What would Christmas be without Charles Dickens’ wonderful story about Scrooge? The first four ‘staves,’ as Dickens called the chapters in his story, led up to the fifth stave when Scrooge wakes up – I doubt that Dickens had the Buddha in mind, but it strikes me as an example of the kind of ‘waking up’ talked about in Buddhism…to be awake is synonymous with being enlightened; to be enlightened is, first and foremost, to appreciate the life you are living here and now.
At the beginning of stave V, Scrooge wakes up. In staves two, three and four Scrooge, alone in his bed chamber, where he has an encounter with his past, present and future. I’m reminded of the story in Genesis 32:24: “Jacob was alone and he wrestled with a man until the breaking of the day.”
Scrooge was certainly alone – his behavior and attitude guaranteed that he’s be alone…and he wrestled with a man – the man with whom he wrestled was an unhappy man, and unfulfilled man, characterized by a stingy, negative, sour attitude summarized in that immortal exclamation, ‘bah, humbug!’
Scrooge wanted to run away from his over-night ordeal – he was afraid of facing himself, but his dreams demanded attention, which dreams tend to do, even in our sleep.
In his dream of Christmas Past Scrooge wrestled with oppressive memories of a road not taken; in his dream of Christmas present be wrestled with the man he had become; and in his dream of Christmas future he wrestled with his fear of where he was headed.
His fears made unable to be truly alive, or ‘awake,’ in the moment.
In the Biblical story, Jacob woke up after wrestling all night long and he was given a blessing — in the morning his name was changed from Jacob to Israel.
Scrooge woke up and he, too, felt blessed – he was a changed man, he ‘got it,’ as we say, he understood something that he never understood or appreciated before, which suggests a Buddhist kind of enlightenment – to be awake is to become the Buddha.

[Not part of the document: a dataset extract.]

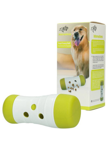 Игрушка выполнена из качественного, крепкого пластика и силикона. Эти материалы полностью безопасны для домашнего любимца и не имеют токсичного запаха, поэтому хозяин может не волноваться о здоровье своего питомца. Такая игрушка будет способствовать физическому и интеллектуальному развитию животных. Воспитаннику придется хорошо погонять за ней, пока он достанет весь корм или лакомство. Наполните тубус любимого едой животного или аппетитным лакомством и откройте отверстия, через которые будут выпадать вкусности. Игрушка имеет несколько режимов, поэтому можно облегчить или усложнить доставание пищи из нее. Животному придется толкать тубус лапами или носом, чтобы оно катилось и из специальных отверстий выпадали вкусности. Также этот девайс станет настоящей находкой для владельцев прожорливых животных. Игрушка позволит увеличить время приема пищи питомцам и предотвратить развитие ожирения у животного или других проблем с пищеварением. Преимущества: Стимулирует интеллектуальное развитие животного; Обеспечивает активное и увлекательное проведение досуга; Можно наполнять как лакомством, так и кормом; Может использоваться в качестве кормушки для медленного кормления; Выполнена из безопасных, нетоксичных материалов; Вызывает интерес у животного благодаря яркому дизайну; Симулирует животное к активным играм и тренировкам; Легко ухаживать и просто мыть. Уход : Промойте водой с использованием мягких моющих средств. Внимание: прежде чем снова положить лакомство, убедитесь, что дозатор сухой. Характеристики: Назначение: для собак, котов, кроликов Размер: 17х7х7 см Материал: пластик Цвет: белый, салатовый

Scrooge woke up on Christmas Day, which suggests, to me, the deeper meaning of Christmas – it’s about a miraculous birth, your own, and a kind of rebirth, a chance to try again – to try living in the fullness of the time we’re given, which we need to experience again and again, in a lifelong process of liberating ourselves from regrets and fears – to live with regret is to be locked out of the moment; to live with fear is to be denied access to living as fully as it is possible to live.
Let’s look at the story again and see what has been added since last year’s exploration, what new insights jump out, what new meanings emerge from the sharp symbolism in the story of Scrooge’s ordeal and to see again why it touches the heart as well as my mind, and how it takes that combination of heart and mind to ignite the Holy Spirit, if you will, to be awake!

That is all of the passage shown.